The main control end selects a 3D micro-power magnetometer MLX90393 as a core to design a novel Hall remote sensing, the MLX90393 chip can sense three-dimensional magnetic field intensity components during remote sensing operation, measured data output digital signals in an I2C communication mode, the resolution is as high as 16 bits, the measurement precision is high, and no complex external circuit is needed; the sensitivity of magnetic measurement can be set through a chip register, and the magnetic sensor has better adaptability to a magnet and a structural member. The chip can switch a measurement mode and a standby mode, the current in the measurement mode is 2mA, and the current in the standby mode is only 2.4 muA, so that the power consumption is greatly reduced. The chip is packaged by QFN (quad Flat No lead) with the thickness of 3 multiplied by 3mm, the size is small, and the integrated design is facilitated. And the magnet is not in direct contact with the magnetometer, has no mechanical wear, is not easily influenced by the environment and has long service life.

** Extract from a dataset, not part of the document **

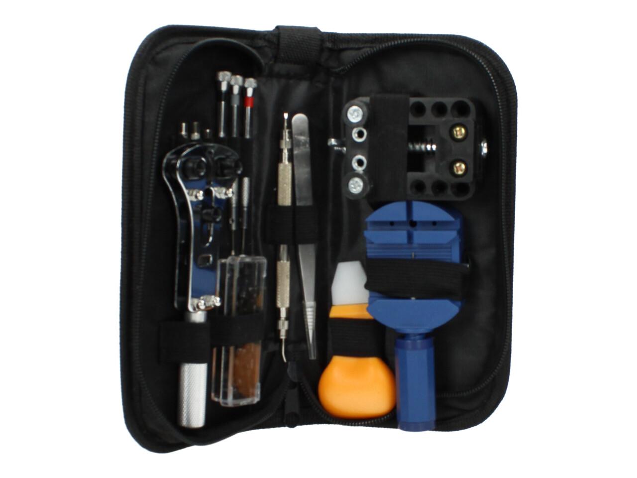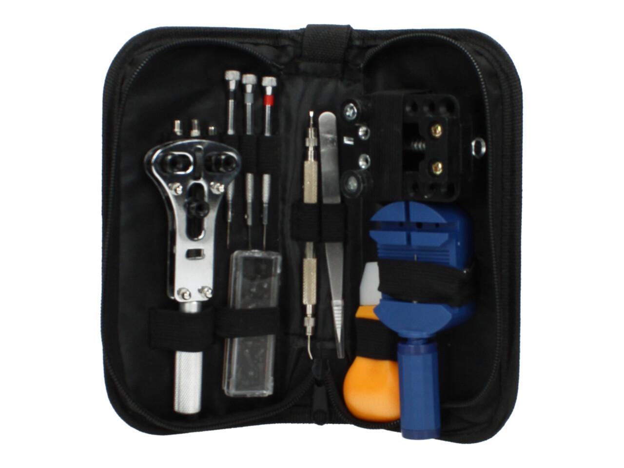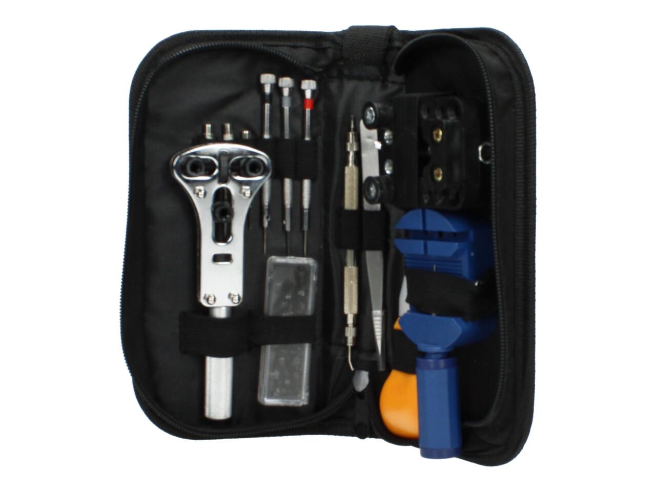 Tato profesionální sada na opravu hodinek je ideálním nástrojem pro hodináře, kutily i každého, kdo si chce své hodinky opravit doma. Sada obsahuje vše potřebné pro výměnu baterií, zkracování řemínků, otevírání zadních krytů a další drobné opravy hodinek.

The controlled end comprises a remote sensing structural part, a 3D micro power consumption magnetometer MLX90393 and a magnet; when the Hall remote sensing is not operated, the magnet and the MLX90393 are coaxially arranged, so that the positive and negative data intervals of the X and Y component data are consistent. The magnets are selected to be magnetized radially and uniformly as much as possible, namely the N pole and the S pole are equally divided, so that the uniformity and symmetry of the magnetic field are ensured. And adjusting the distance between the magnet and the MLX90393 to ensure that the positive direction maximum data of the X component and the Y component is not higher than 0X8000 and the negative direction minimum data is not lower than 0X8000 so as to ensure that the positive data interval and the negative data interval have no intersection.

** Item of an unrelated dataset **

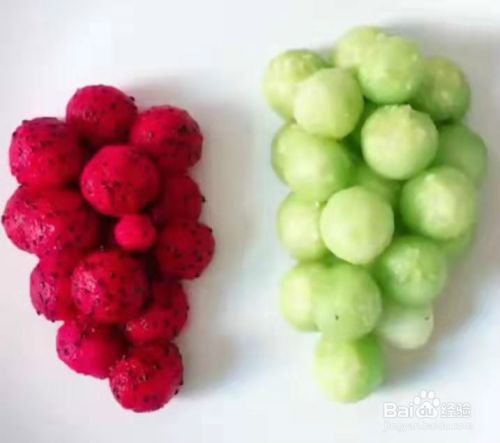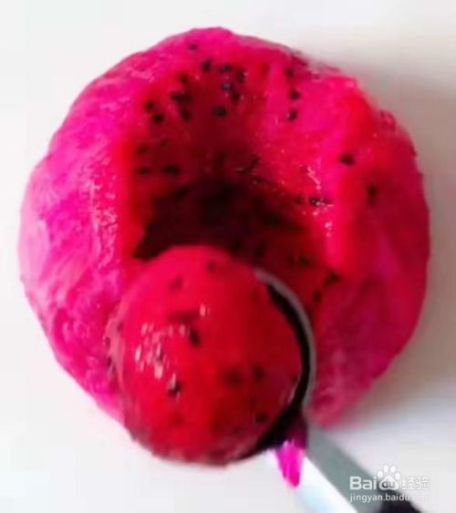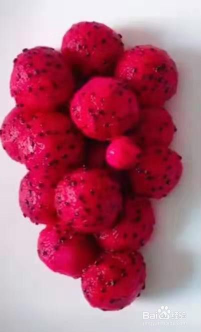 把火龙果去皮,用小勺子挖出小圆形。见下图

The installation of structure spare and magnet is shown in fig. 2, and 360 degrees full angle swings can be realized to the remote sensing, and the extreme skew angle on arbitrary swing direction in this design, namely ϴ is 25 degrees at most. The swing remote sensing causes the magnet to generate corresponding displacement, the magnetic vector changes, the magnetic field component of the magnet in the three-axis direction changes, the magnetic vector is decomposed as shown in figure 3, and the formula is satisfied:

。

the core of the Hall remote sensing is a 3D micro-power consumption magnetometer MLX90393, and the Hall remote sensing is designed based on a Triaxis technology, can accurately detect magnetic field intensity data on X, Y and Z axes, and respectively converts the magnetic field intensity data into 16-bit binary data to be stored. Through the linear displacement of the path, the application of the angle detection and the 3D positioning, various forms of human-machine interface (HMI) design can be completed. The chip has three measurement modes: the Measurement mode comprises a Burst mode, a continuous Single Measurement mode and a Change Wake-Up mode, and the Measurement mode can be set by issuing instructions through an upper computer program. If the design uses a continuous single measurement mode, the command byte CMD byte =0011_1111. When the instruction is received by MLX90393, a measurement is performed, and after the measurement is completed, the data is stored in a register of MLX 90393.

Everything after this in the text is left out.